Josef Alois Gleich (also Joseph Alois Gleich; pseudonyms Adolph Blum, Ludwig Dellarosa, Heinrich Walden; 14 September 1772 – 10 February 1841) was an Austrian civil servant, and a prolific dramatist and novelist.

==Life==
Gleich was born in Vienna in 1772, son of a clerk. At the University of Vienna he studied philosophy, languages and public accounting, and entered the civil service. From 1790 to 1831 he was employed in provincial accounting of Lower Austria.

===Plays===
From 1791 he was active in Vienna as a writer. He was a dramatist, and wrote about 220 plays from 1804 to 1833; they were staged at the Theater in der Josefstadt, where he was assistant director from 1814 to 1816, and at the Theater in der Leopoldstadt. Like his contemporaries Karl Meisl and Adolf Bäuerle, his plays developed the tradition of Old Viennese folk theatre.
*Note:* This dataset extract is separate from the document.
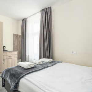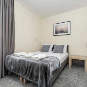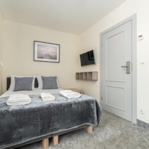 Funkcjonalny i estetycznie urządzony pokój dla dwóch osób, idealny na krótki pobyt nad morzem. Na 10 m² znajdziesz wszystko, co niezbędne do komfortowego odpoczynku w spokojnej atmosferze – to świetna opcja dla par lub osób ceniących wygodę i dobrą lokalizację w rozsądnej cenie.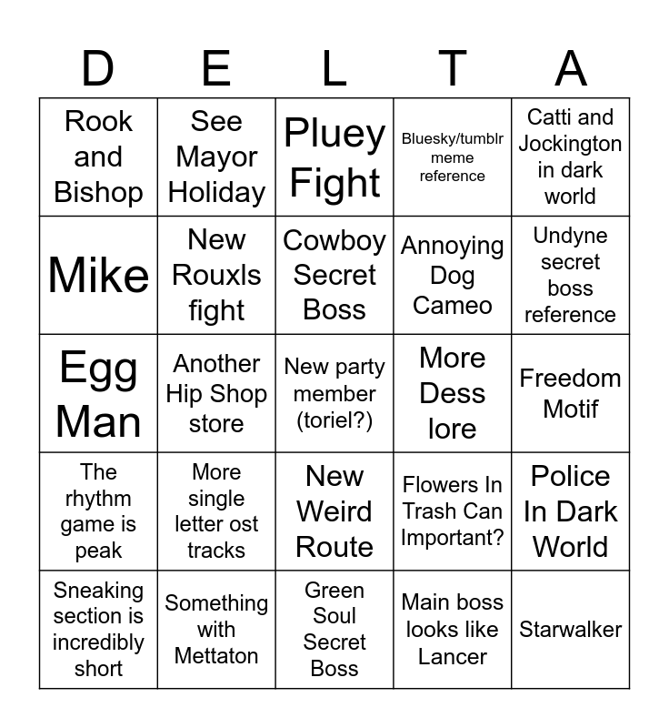 This bingo card has 25 words: More single letter ost tracks, Green Soul Secret Boss, Cowboy Secret Boss, Sneaking section is incredibly short, Catti and Jockington in dark world, Rook and Bishop, Mike, See Mayor Holiday, More Dess lore, New Weird Route, Annoying Dog Cameo, Egg Man, Flowers In Trash Can Important?, Police In Dark World, New Rouxls fight, Starwalker, Freedom Motif, Pluey Fight, Undyne secret boss reference, Another Hip Shop store, New party member (toriel?), Something with Mettaton, The rhythm game is peak, Bluesky/tumblr meme reference and Main boss looks like Lancer.

The actor and dramatist Ferdinand Raimund's first acting success was in Gleich's play Die Musikanten am Hohen Markt, and Gleich wrote further plays for him. Raimund, who became Gleich's son-in-law, continued the development of Viennese folk theatre.

===Novels and periodical===
Gleich also wrote about 100 popular novels about knights, robbers and ghosts, modelled on the stories of Christian Heinrich Spiess.

In 1832 he founded a periodical for popular consumption, the "Comic letters of Hansjörgel von Gumpoldskirchen to his brother-in-law Maxel in Feselau with his accounts of daily events in Vienna". They were in the style of the Eipeldauer-Briefe of Joseph Richter. He continued to produce it until his death in 1841.